Il haussa les épaules.
— S'il est assez rusé pour piéger autant de victimes, tant mieux pour lui. À mes yeux, l'intelligence et la convoitise ne sont pas des défauts, Larissa.
— Mais il n'a aucun droit…
— Ses succès le lui donnent. C'est la loi du plus fort, du plus endurant. Si les animaux – et les autres –, ont la stupidité de se faire prendre, ils méritent leur sort. Qu'on exploite leurs dons magiques n'est pas le pire qui puisse leur arriver, loin s'en faut ! ( Il eut un sourire cruel. ) Mes captifs donneraient tout pour s'en tirer aussi bien.
— Suis-je votre prisonnière, moi aussi ?
— Nous sommes tous séquestrés, ma chère, d'une façon ou d'une autre. Certains ont de plus jolis cages que d'autres, voilà tout. Non, l'ambition de Dumont ne me gêne nullement. Celle d'Alondrin, en revanche…
— Parce qu'il transforme les gens en zombies, comme vous ?
Venait-elle de commettre une entorse à l'étiquette ? Misroi ne s'en offusqua pas.
— Là n'est pas le problème. D'une pensée, je soumets n'importe quel mort-vivant à ma volonté. Alondrin veut quitter mon royaume. Or, je ne le souhaite pas.
Son sourire s'effaça comme s'il n'avait jamais existé.
— Là est le problème. Il compte utiliser le bateau-théâtre pour fuir.
— Mais… selon la Nymphe, nul ne peut partir sans votre accord.
Une colère noire, glaciale tourbillonna dans le beau regard bleu de son hôte. Larissa se fit toute petite.
— Cela a toujours été le cas.
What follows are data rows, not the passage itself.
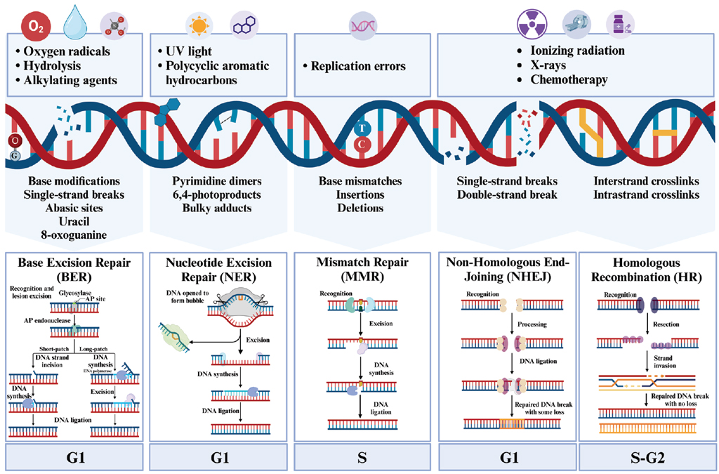 Fig. 2. Primary DNA lesions, repair mechanisms, and the cell cycle stages during which the corresponding repair systems are active [39]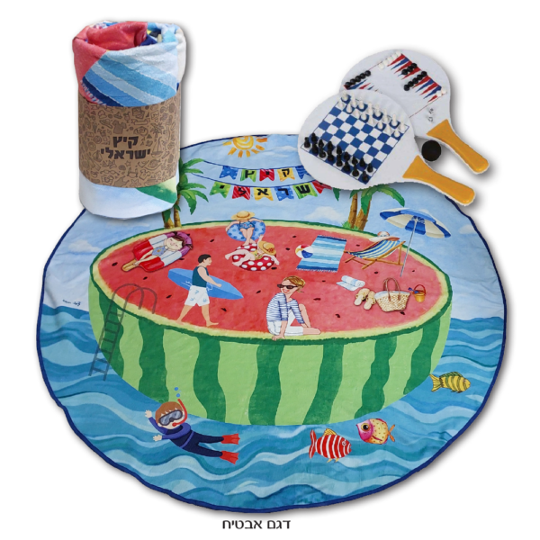 מגבת חוף ומטקות משחק קוטר המגבת 150 ס"מ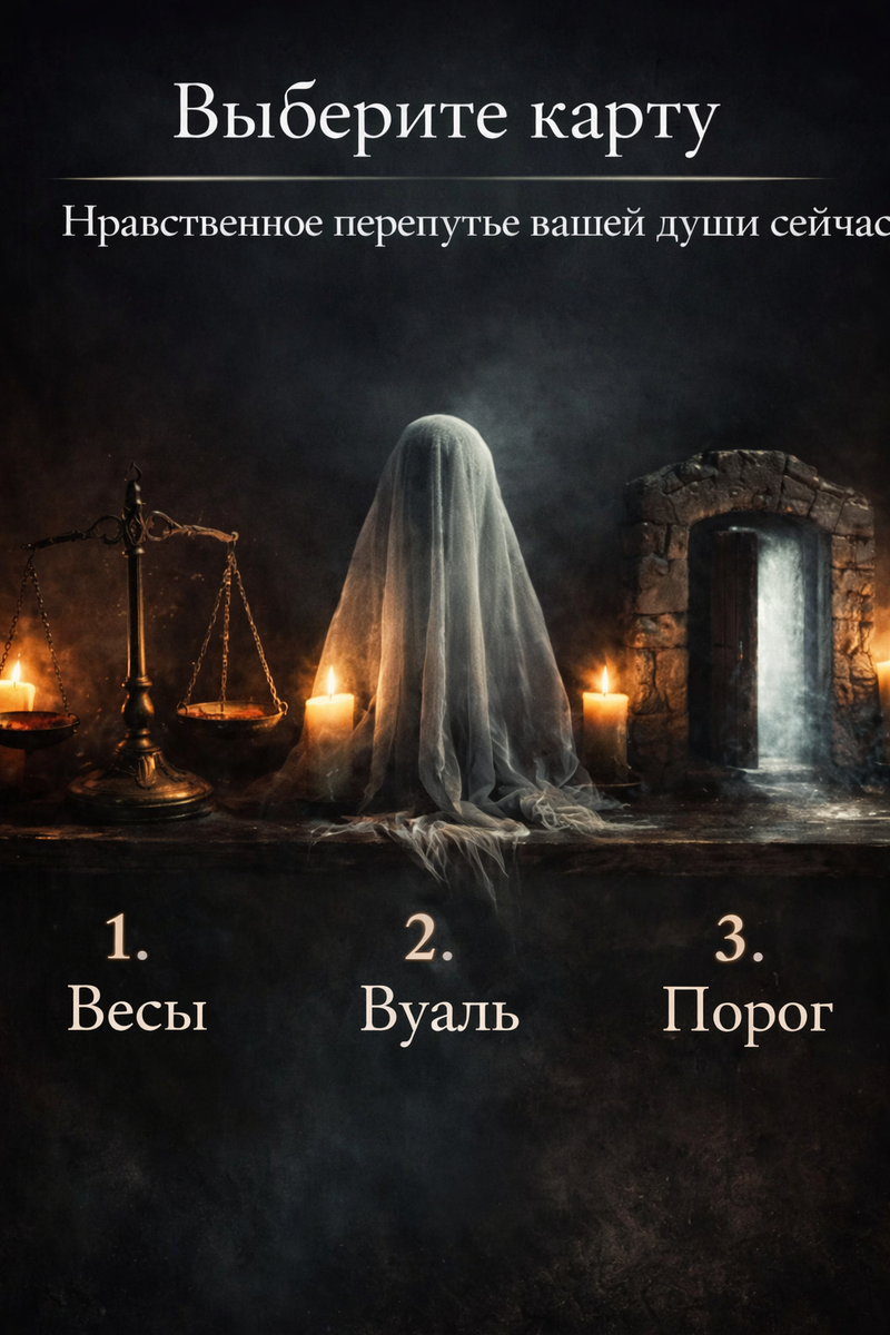 Выберите карту, не торопясь и не подглядывая, как на экзамене у судьбы. Стопки. Стопка 1 - Весы. Стопка 2 - Вуаль. Стопка 3 - Порог. Ваше перепутье здесь - про Справедливость против самопожертвования, про то, где заканчивается долг и начинается стирание себя.

Or, Alondrin a mis toutes les chances de son côté. ( Enfiévré, il compta sur ses doigts : ) Primo, il voyage sur l'eau, ce qui renforce ses pouvoirs. Secundo, le navire de Dumont est bardé de magie. Tertio, la présence de dizaines de feux follets à bord en augmente encore la puissance. Alondrin pourrait réussir, ce qui établirait un fâcheux précédent. N'en convenez-vous pas ?
Elle hocha la tête.
— Alors pourquoi ne pas l'avoir arrêté ?
— Parce que vos amis et vous allez le faire à ma place. Pourquoi me donner cette peine quand vous êtes tout feu, tout flamme pour agir ? Jolie danseuse, je vous enseignerai quelques trucs pour améliorer vos chances de vaincre le bocoru.
Il se leva et l'invita à faire de même. Larissa se contraignit à n'opposer aucune résistance.
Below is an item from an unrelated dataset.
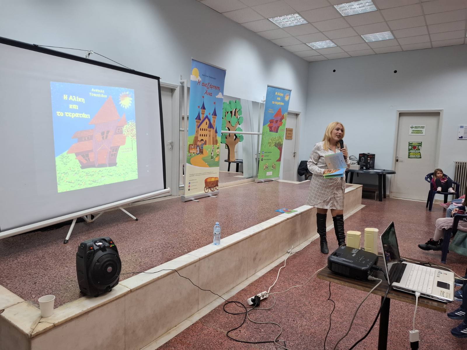 Η συγγραφέας παρουσίασε με ξεχωριστό τρόπο τα βιβλία της «Η ανεξάρτητη Άννα» και «Η Αλίκη και το τερατάκι», μαγεύοντας το κοινό με την αφήγησή της. Μέσα από την ιστορία και τον διάλογο, άνοιξε μια ουσιαστική κουβέντα γύρω από τον εκφοβισμό, την ανεξαρτησία και τη δύναμη που έχει κάθε παιδί να εκφράζεται και να διεκδικεί τον χώρο του με σεβασμό και αυτοπεποίθηση.
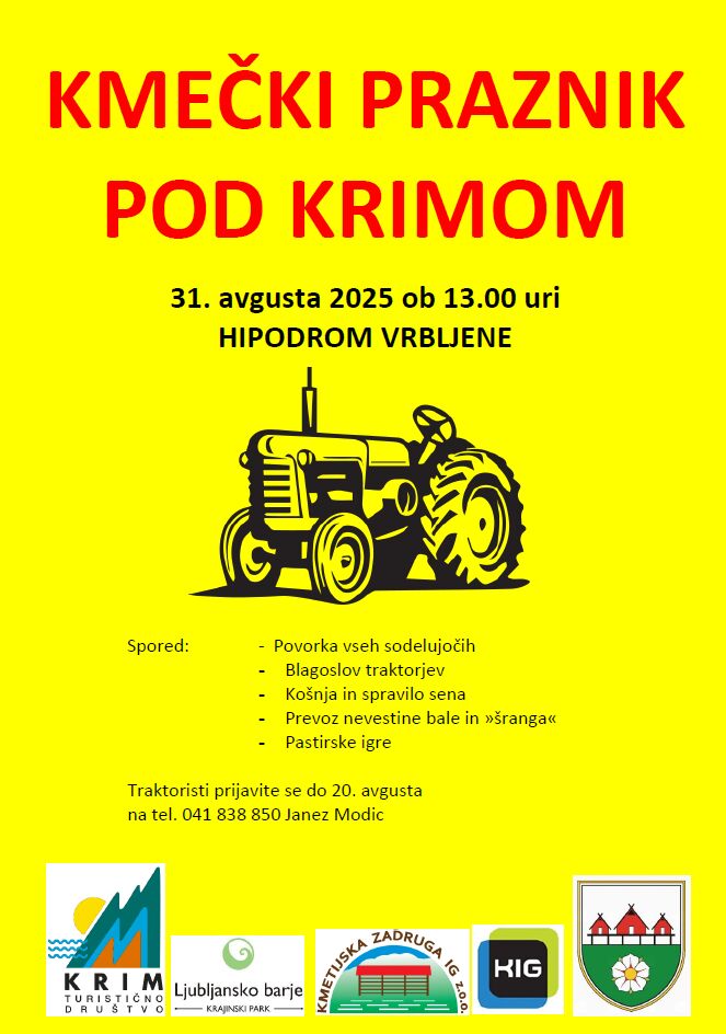 Turistično društvo Krim vabi na 5. KMEČKI PRAZNIK POD KRIMOM v nedeljo, 31. avgusta 2025, ob 13.00 uri na Hipodrom Vrbljene.

D'une main, il lissa la chevelure blanche. Des doigts effilés coururent le long de sa nuque, caressèrent sa joue, sa gorge. Tendue, la jeune femme voulut l'écarter.
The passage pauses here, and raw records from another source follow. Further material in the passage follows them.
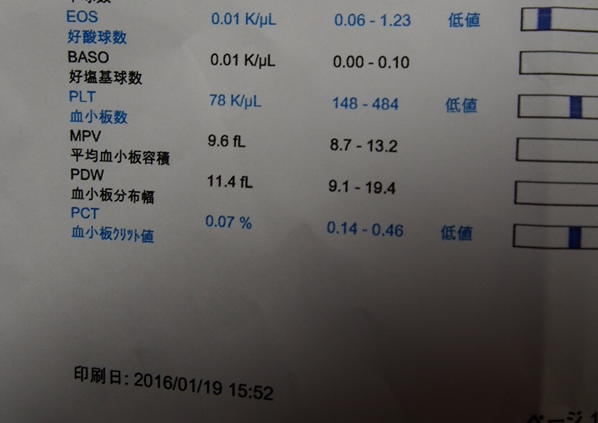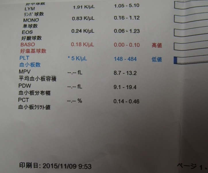 一番見て頂く簡単な所は、血小板が「5」。右側、148~484が標準値。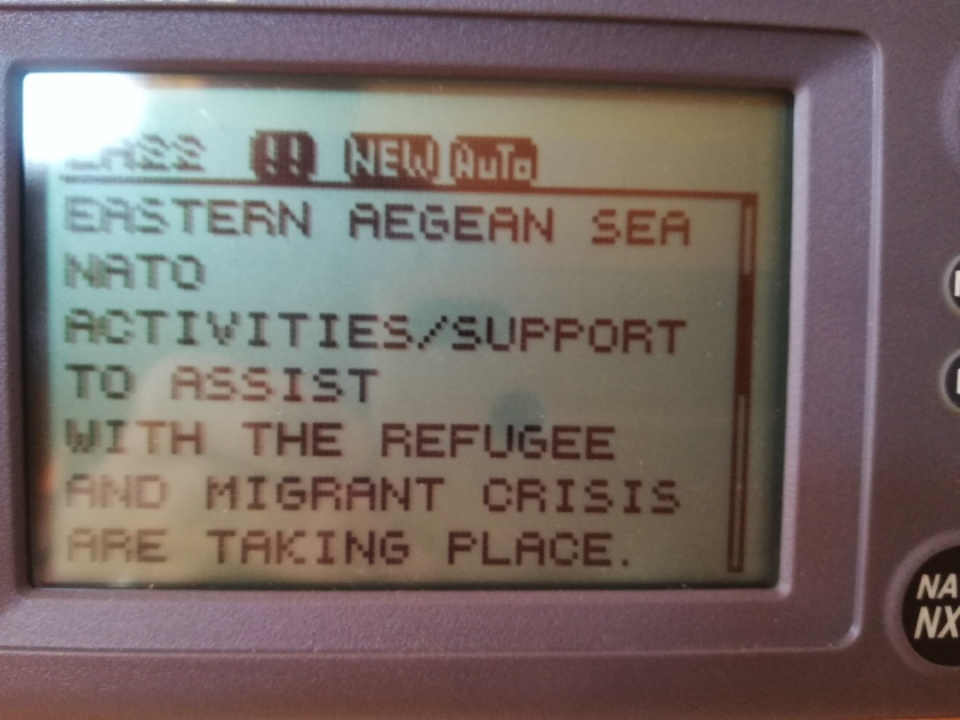 " des activités de l'OTAN pour prendre en charge la crise des réfugiés et des migrants sont en cours. Les navires naviguant dans les zones citées ci-dessus sont priés de rester à l'écart des unités de l'OTAN pour des raisons de sécurité".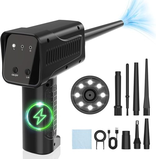 - 【Lampy LED, przyjazne dla środowiska i energooszczędne】Alternatywa dla sprężonego powietrza w puszkach, spray na sprężone powietrze może być ponownie naładowany i używany wielokrotnie. Diody LED umożliwiają łatwe czyszczenie ciemnych narożników, co zapewnia dużą wygodę podczas czyszczenia. Podczas czyszczenia nie tworzy się płyn ani lód. Chroni elektronikę przed cieczami, dzięki czemu Air Duster jest przyjazny dla środowiska i energooszczędny.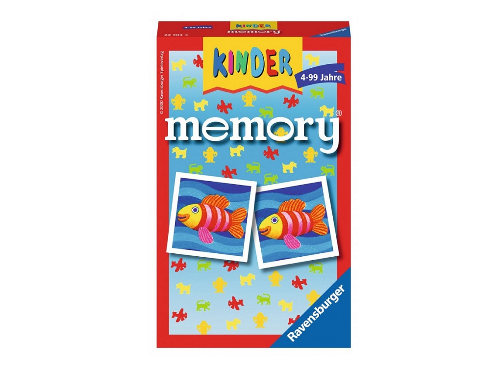 Igra spomina Kinder Ravensburger – Klasična igra Memory, spomin, iskanje parov. V kompletu 48 sličic (24parov). Primerno za otroke od 4 leta naprej, tudi za odrasle. Za 2-4 igralce.
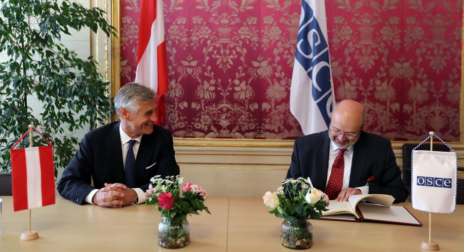 Generalsekretär Michael Linhart und OSZE-Generalsekretär Lamberto Zannier (r) unterzeichnen das OSZE-Amtssitzabkommen in Wien, 14 Juni 2017.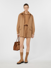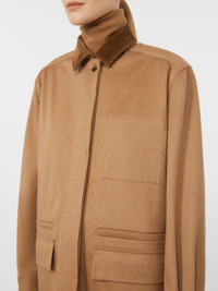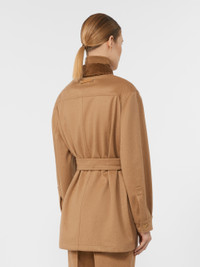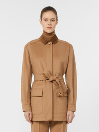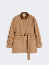 DETAILS Short jacket with workwear patch pockets on the front. Lightweight, water-repellent baby camel drap jacket Straight lines and a matching belt with pull buckle 12-wale cotton corduroy shirt collar Set-in sleeves with cuff and side button Concealed front fastening Inside left pocket Leather logo loop on the back of the neck COMPOSITION AND CARE Outer fabric 100% camelwool; inner fabric 77% polyamide, 23% elastane; lining 65% acetate, 35% polyester. Do not wash; do not bleach; do not tumble dry; cool iron; professionally dry clean perchloroethylene - mild process; do not wet clean.; wash the garment while it is fastened.; do not iron the real leather details.; do not iron the buttons.; protect buttons before washing.; turn the articles inside out before washing.; remove the buckle before washing.; contains non-textile parts of animal origin. Distributed by Max Mara S.r.l., registered office in Reggio Emilia (Italy), Via Giulia Maramotti 4, 42124 (IT)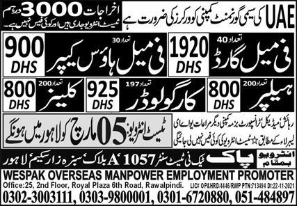 Pak Techni Test Center UAE, dubai UAE invites applications from eligible candidates for the post of cleaner, cargo loader, female guard, guard, helper and female house keeper as per advertisement of February 27, 2022 published in daily Express Newspaper. Preferred Education is Matric, Primary and Middle etc.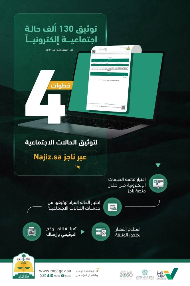 بلغ عدد عمليات الحالات الاجتماعية التي جرى توثيقها إلكترونياً عبر منصة «ناجز» للخدمات العدلية Najiz.sa، نحو 130 ألف حالة، خلال النصف الأول من العام الحالي 2024.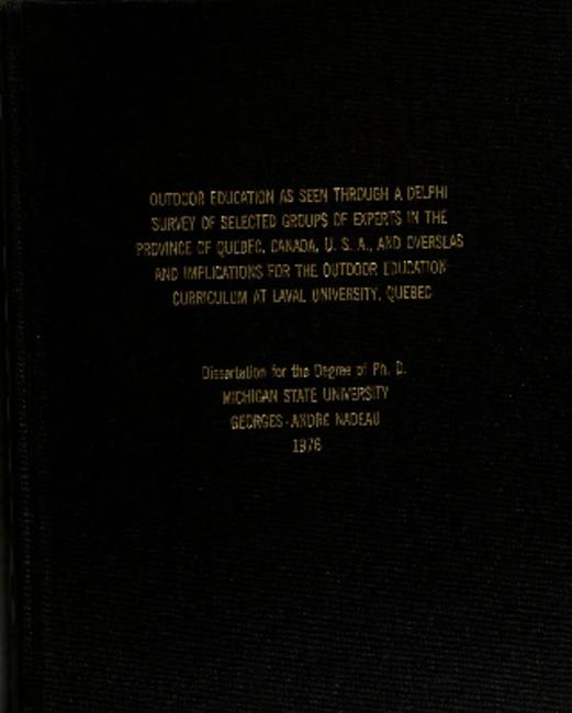 Outdoor education as seen through a Delphi survey of selected groups of experts in the province of Quebec, Canada, U.S.A., and overseas and implications for the outdoor education curriculum at Laval University, Quebec

— N'ayez aucune crainte, Larissa, dit-il, serrant le jeune visage entre ses mains. Qui mieux que le Seigneur des Morts sait à quel point la chair est misérable ? Non, c'est votre cran qui m'intrigue. Je trouve votre âme… fascinante. ( Il recula et prit ses mains dans les siennes. ) Je vous donnerai ce que vous désirez, mais quand il me plaira et pour des raisons personnelles. Vous dansez ? Fort bien, je vais vous apprendre une nouvelle spécialité : la Danse des Morts.